I know I’ve gone on and on about this, so I’ll just say this to the contestants’ mothers: your infant can’t get nervous about being on stage, she cannot. Because the 18-month old does not understand that she is on stage. Sure, she can be afraid, and rightly so, about being shoved into a scratchy tutu and paraded around in front of a roomful of strangers … but she can’t, in my opinion, get stage fright.
Here is a good description of this episode, which is a typical episode, that I found online – this was apparently written by a dude who was giving it a good go to try and watch the show… he ends up drinking heavily, which is understandable. He also refers to the Lake Havasu woman as resembling a “killer clown” which is eerily apt.


The show personifies so many things that are wrong with people in general, and the stereotype of pageant mothers in particular. Being a pageant mother is one thing, but somehow when you’re engaging in that behavior with a toddler, it just takes it to another level altogether.

Speaking of tiaras and terror, the whole John Galliano meltdown has been an ugly episode, hasn’t it? In France, anti-Semitic remarks are punishable by law, plus the PR fallout given what it is, the venerable house of Christian Dior had no choice but to fire him, and send him to rehab. And hire a new publicity firm. Here’s a short item from PR Daily on the story.
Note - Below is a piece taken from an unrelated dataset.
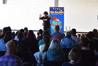 Nach dem Lied der Kinder, sorgte Tim Salabim mit seiner Zaubershow für große Augen, ungläubiges Staunen und jede Menge Lachen. Tim Salabim war ein nicht ganz so perfekter Zauberer, einiges ging ganz zum Vergnügen aller schief.

I love the veddy British mea culpa: “I unreservedly apologize for my behavior in causing any offense.”

Reminded me immediately of the scene in A Fish Called Wanda in which Kevin Kline dangles John Cleese out of a window and forces him to apologize.


Oh no, it’s K-k-k-Ken, c-c-c-coming to k-k-k-kill me! That’s a good flick.

2 comments:

  1. Forget the eyelashes and false teeth - a mother who would WANT her 2-year-old to stay awake, for any reason, is just unnatural. I remember praying for small children to please, please, PLEASE just GO TO SLEEP AND STOP ASKING ME QUESTIONS.